The assault began when a group of 20 civilian dissidents commanded by Juan Caguaripano, a former captain (deserter since 2014) of the National Guard, stormed the Fort to steal weapons. First Lieutenant Jefferson García, of the plaza 4101 Commando Company, was the officer in charge of the Fort's weapons store; the 41st brigade of the Bolivarian Army was based at the Fort. Troops loyal to the government stopped the attack, causing ten of the dissidents (including Caguaripano) to flee, with seven of the group arrested, two dead, and one injured. The attackers who escaped had managed to take a considerable amount of munitions, including grenades and bullets. Though the attack ended at 8:00 am, civilians were protesting in the streets of the city later that day in support of the dissidents, which caused several clashes between them and the National Guard.

==Stolen armaments==
During the attack, the dissidents stole 500 AK-103 rifles and 500 magazines, 50 40mm multiple grenade launchers and 140 40mm grenades, 80 bayonets, 60 pistols and magazines. The weapons were placed in a Toyota vehicle with military plates and removed from Fort Paramacay.

==Capture==
Some of the members and leaders of the attack were captured in the following days. Two of the dissidents were reported by the government to have been killed during the assault: Yhonny Emisael Martínez Cedeño and Orlando Segundo Landino.

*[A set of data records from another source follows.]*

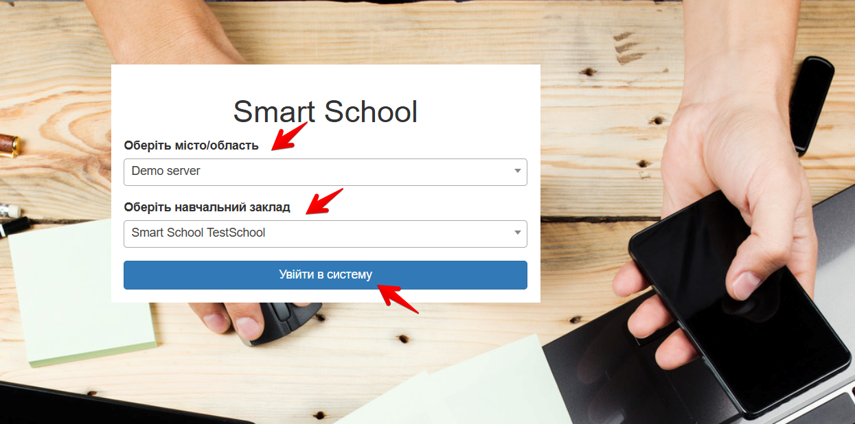 1. Перейдіть за посиланням https://admin.smart-school.com.ua/ та оберіть місто/область і навчальний заклад. Натисніть “Увійти в систему”.
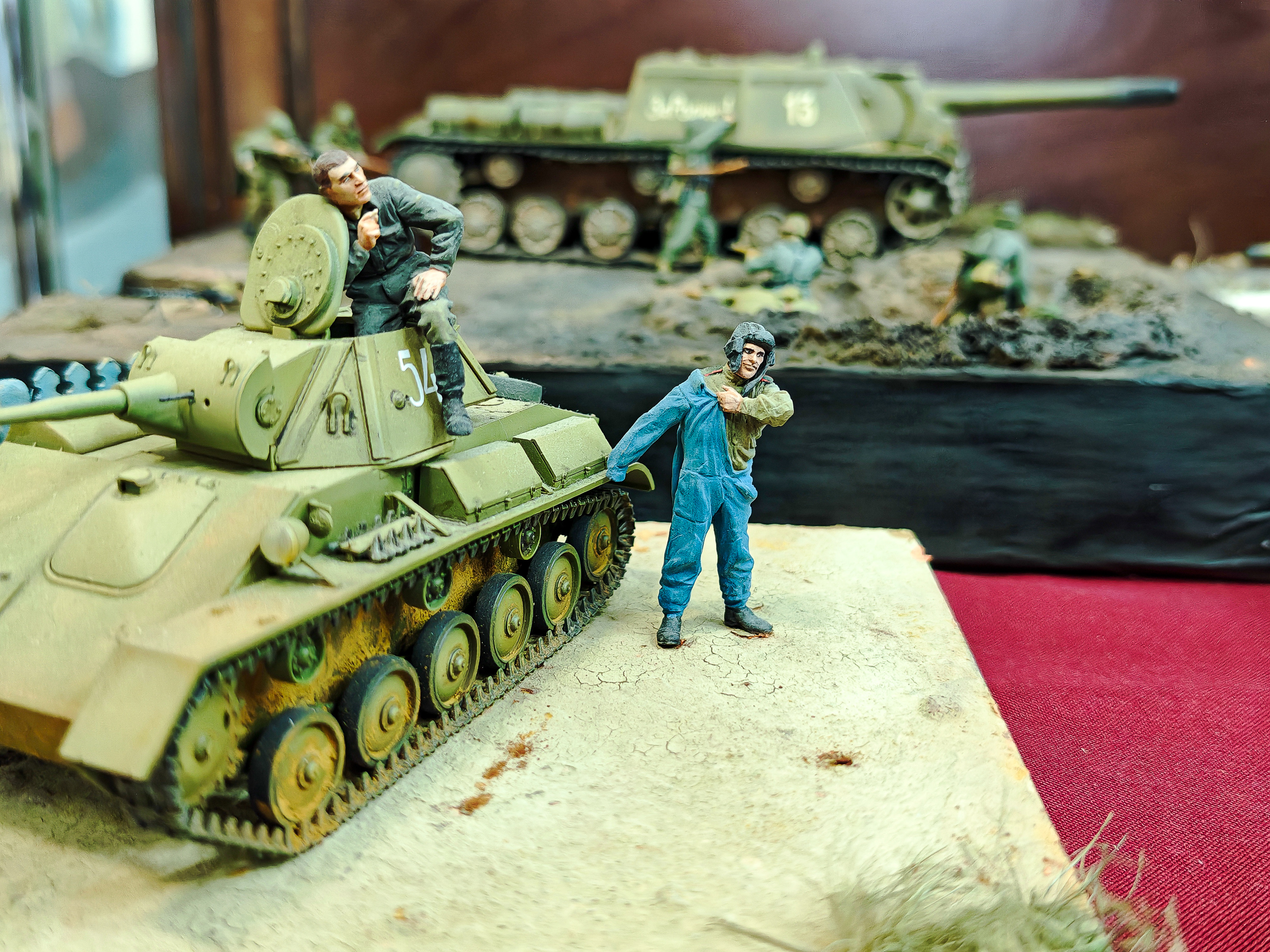 В одной из витрин выставки расположены масштабные модели техники и фрагменты диорам, изготовленные участниками клуба «Взлёт» Львом Луговским, Марком Харламовым, Матвеем и Елизаветой Бредихиными.
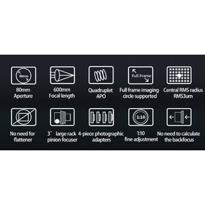 Grâce à son aplanisseur intégré, le FF80 offre de grands avantages pour l'astrophotographie : il éclaire les capteurs plein format et garantit une image fine avec des étoiles ponctuelles sur l'axe. L'apochromat est livré avec un pare-buée coulissant, un porte-oculaire manuel 3" avec rotation à 360°, un sabot de viseur Vixen/GP, ainsi que quatre adaptateurs appareil-photo différents (M76, M68, M54 et M48). Le tube pèse 3,9 kg, avec les colliers et le rail, le poids total est de 4,7 kg.
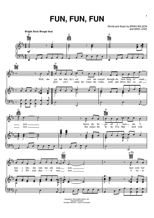 Digital Sheet Music for Fun, Fun, Fun by Brian Wilson, The Beach Boys, Mike Love scored for Piano/Vocal/Chords; id:368521
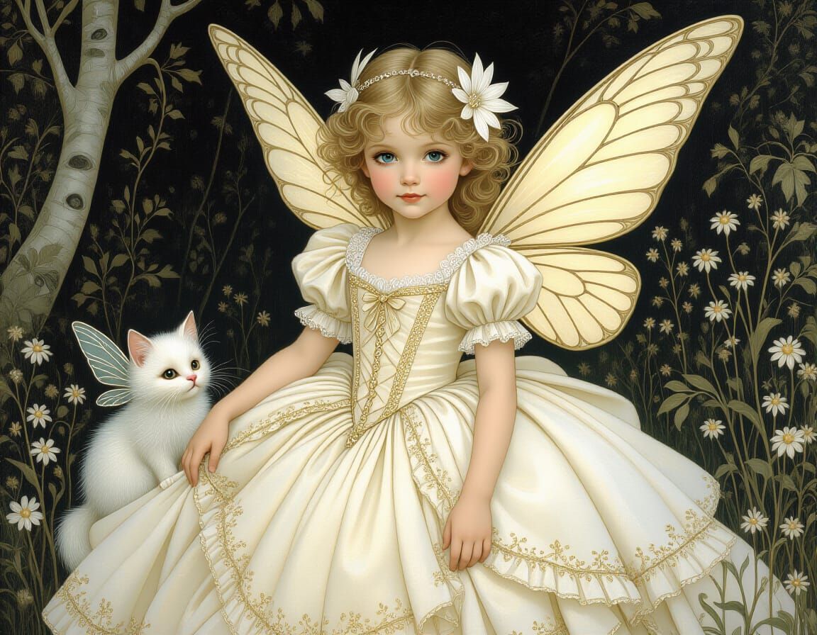 This image shows a Victorian girl in a ball gown with fairy wings and a magical pet. It evokes a whimsical, fantasy style with intricate details and soft lighting.
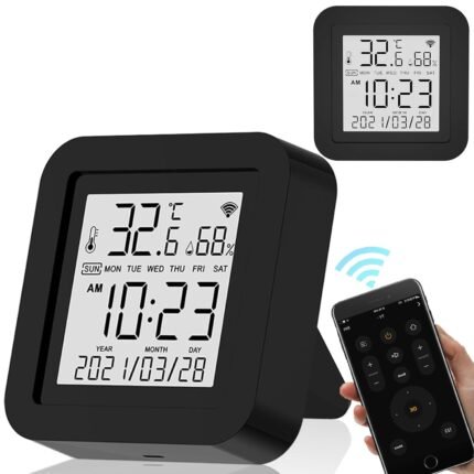 Smart WiFi Temperature Humidity Monitor, TUYA Wireless Temperature Humidity Sensor with APP Notification Alerts & IR Intelligent Remote Control, Compatible Alexa and Google Home (Black)
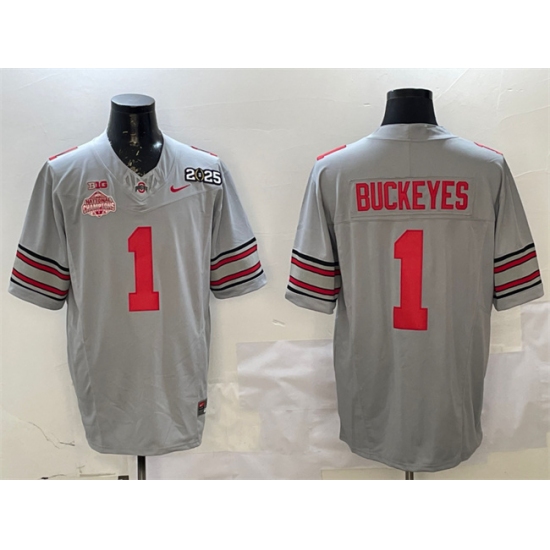 Men's Ohio State Buckeyes #1 Buckeyes Grey 2025 CFP Final With National Champions F.U.S.E. Vapor Limited Stitched Football Jersey
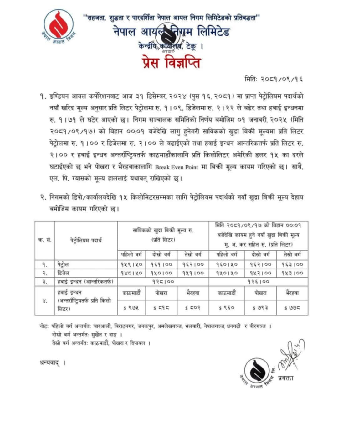 निगमले हवाई इन्धनको मूल्य भने घटाएको छ । हवाई इन्धन आन्तरिकतर्फ प्रतिलिटर दुई रुपैयाँ र अन्तर्राष्ट्रियतर्फ काठमाडौंका लागि प्रतिकिलोलिटर अमेरिकी डलर १५ का दरले घटाइएको छ ।
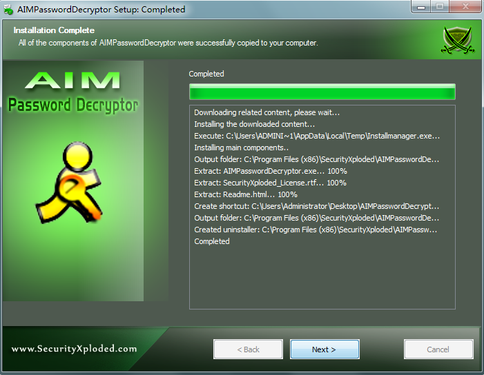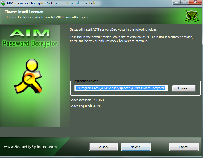 截图1:AIMPasswordDecryptor显示恢复帐户密码的目的(AOL的即时通讯)。

On January 15, 2018, after the El Junquito raid, where the dissident Óscar Alberto Pérez was killed, some of those who had been involved in this assault were also killed, and the owner of the truck with the stolen weaponry was captured.

==See also==

- 2017 Venezuelan constitutional crisis
- 2017 Venezuelan National Assembly attack
- Caracas helicopter incident
- El Junquito raid
- Operation Gideon (2020)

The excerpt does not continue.